Paylaş
Bu öğretmenlerin 829 bin 77’si resmi okullarda, 90 bin 316’sı ise kolejlerde görev yapıyor. 24 Kasım’da ‘Öğretmenler Günü’ kutlanacak. Türkiye’de öğretmen olmak hem kolay, hem de zor. Kolay, çünkü pek yüksek sayılmayan bir puanla eğitim fakültesi ya da fen edebiyat fakültelerinden mezun olup pedagojik formasyon alınca KPSS’de de puanı tutturunca bir devlet okuluna atanıp, devlet güvencesinde çalışabiliyorsunuz. Ayrıca ek bir ölçüt yok. Öğretmen eğitim programları YÖK tarafından hazırlanıyor. İşin tek zor yanı devlet tarafından branşınızda öğretmen alınmasını beklemek, istemediğiniz bir bölgeye atanıp, düşük maaşla çalışmayı göze almak.
Ülkemizdeki öğretmenlere Milli Eğitim Bakanlığı tarafından her ne kadar her öğretim dönemi öncesi eğitim verildiği iddia edilse de bu konuda pek gerçekçi eğitim aldıkları söylenemez. Oysa, her meslekte olduğu gibi bir nesli değiştirebilecek güce sahip olan bu meslek grubunun, çağın teknoloji ve donanıma uygun olarak önce kendilerini değiştirip, geliştirmesi gerekiyor. Çoğunlukla da geçim sıkıntısı içinde kendilerini geliştirmek maalesef arka planda kalıyor.

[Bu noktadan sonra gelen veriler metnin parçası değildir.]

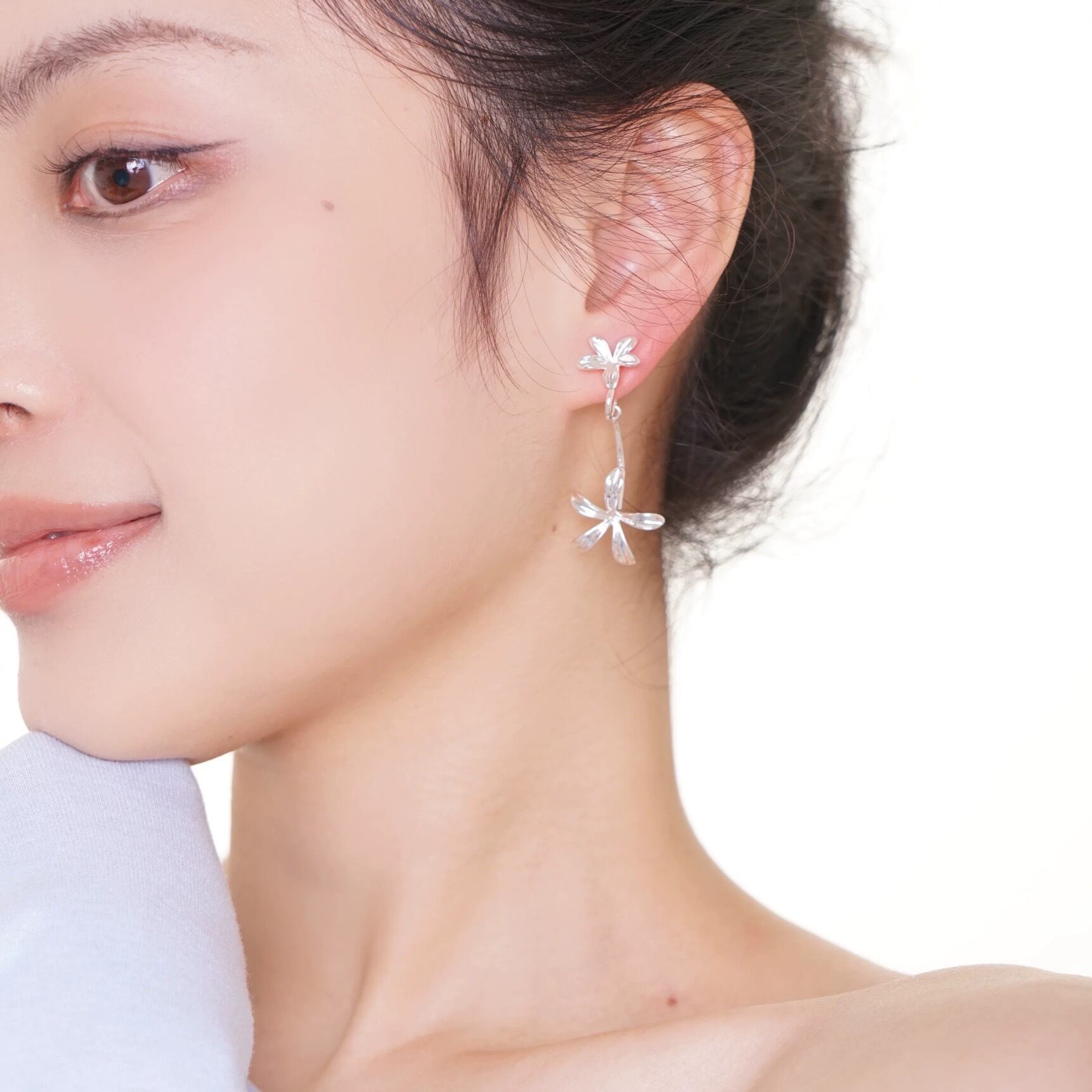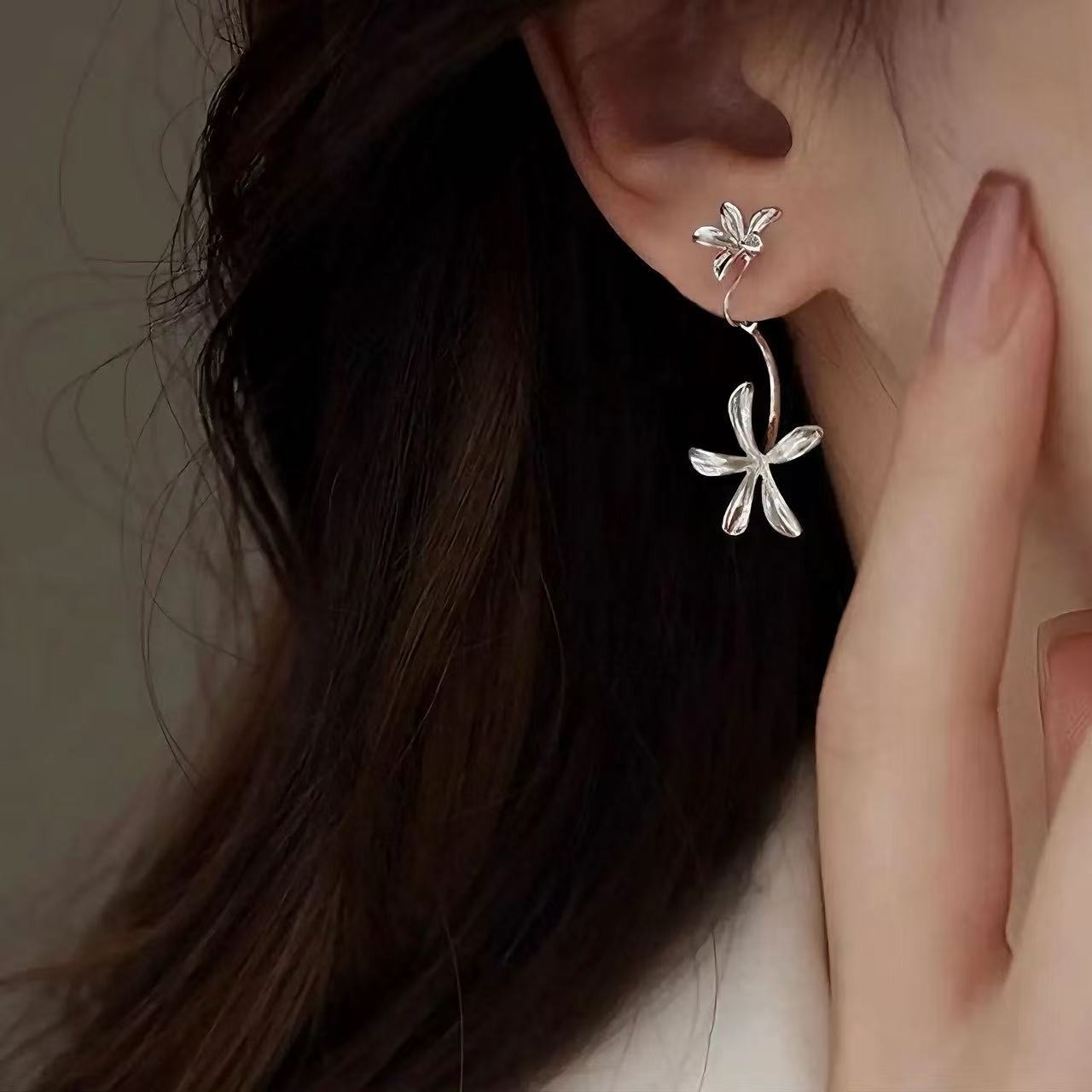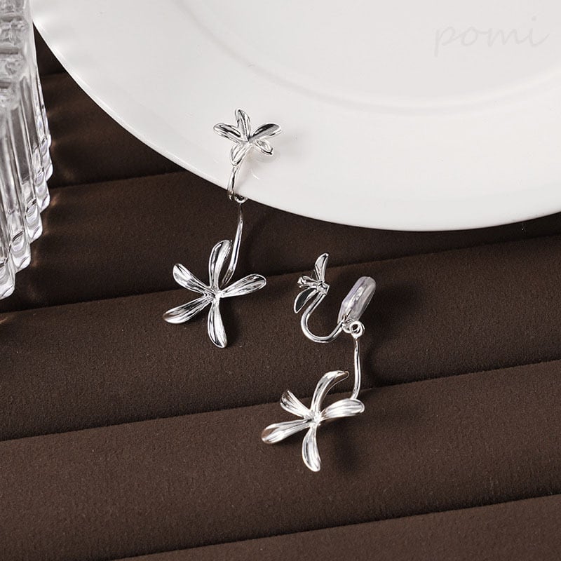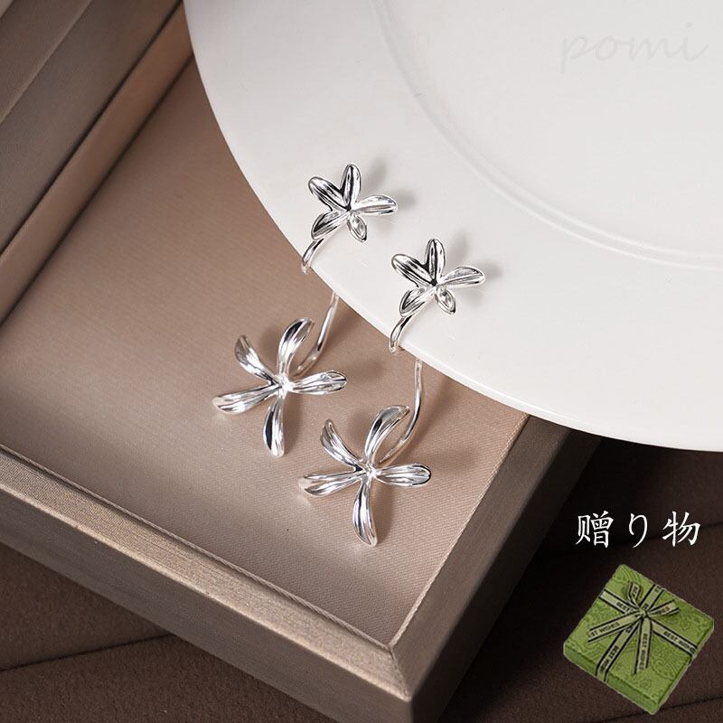 クチナシの花をモチーフにした銅合金イヤリング、清冷感溢れる高級な雰囲気のバックハングタイプのイヤーアクセサリー

Fen edebiyat ve eğitim fakültesi mezunları da daha garantili gördükleri devlette iş bulabilmek için atanamayan öğretmenler olarak yıllarca devlet kapısında bekliyorlar.Peki dünyada öğretmen olmanın yolu nerelerden geçiyor? Dünyada öğretmen yetiştirmede ve alımında farklı yöntemler var. Bazı ülkeler lisans, bazıları yüksek lisans düzeyinde eğitim alıyor. Bazı ülkelerde üniversiteler kendi sınavlarını yapıyor. Öğretmenlik başvurularında her ülke farklı yöntem uyguluyor.
Örneğin Amerika’da her eyaletin öğretmen eğitimi farklı olmakla birlikte üniversitelerin kabul şartları da farklılık gösteriyor. Atama için her eyaletin açtığı giriş sınavını kazanmak şart. Öğretmenlerden parmak izi istendiğini de hatırlatmakta yarar var. Eğitim araştırmalarında ön sıralarda yer alan ve başarısının sırrı araştırılan Finlandiya’da listenin üst sıralarında yer almanın en önemli nedeninin öğretmenler olduğu sık sık vurgulanıyor. Bu ülkede en prestijli mesleklerin başında öğretmenlik gelirken, daha eğitim hayatının başında sıkı eleme göze çarpıyor. Eğitim fakültesine başvuran her 10 kişiden biri bu programlara kabul ediliyor. Eğitim fakültelerine öğrenci kabul edilirken lise bitirmelerinde başarı şartının dışında yazılı giriş sınavı ve mülakata girmek gerekiyor. Finlandiya’da öğretmenlerin yüksek lisans derecesine sahip olmaları zorunlu, doktora derecesi almaları da hedefleniyor. Yani öğretmenler bir yandan eğitim verirken, diğer yandan da kendilerini eğitmeleri gerekiyor.
Japonya’ da ulusal sınavlar dışında iki yıllık sertifikalı eğitim şartı aranıyor. Lise öğretmenliği için yüksek lisans derecesi isteniyor. Almanya’da atanabilmek için farklı zamanlarda iki aşamalı bir sınav yapılıyor. İngiltere ise adaylara, öğretmenliğe uygunluğunu belirlemek amacıyla programa başlamadan önce mesleki beceriler testi de uyguluyor. Nitelikli öğretmen statüsüne sahip olabilmek için adayların özel bir eğitimden geçmeleri ve ardından bir standart sınavı vermeleri gerekiyor.Ez cümle, bu örnekleri görünce ülkemizde de nitelikli öğretmen yetiştirmek için baştan itibaren eleme yapılmalı, ihtiyaca göre öğretmen yetiştirilmeli ve en önemlisi yaşam boyu öğretmen sürekli kendini yenilemeli, eğitim almalı. Nesiller geliştikçe, teknoloji de, meslekler de değiştikçe öğretmenler de buna ayak uydurmalı. Tabii bütün bunların karşılığında da tıpkı Finlandiya’da olduğu gibi hem iyi bir maaş almalı, hem de hak ettiği prestij sağlanmalı. Bir nesle şekil veren ve dünyanın en zor işini yapan öğretmenlerimizin şimdiden günü kutlu olsun.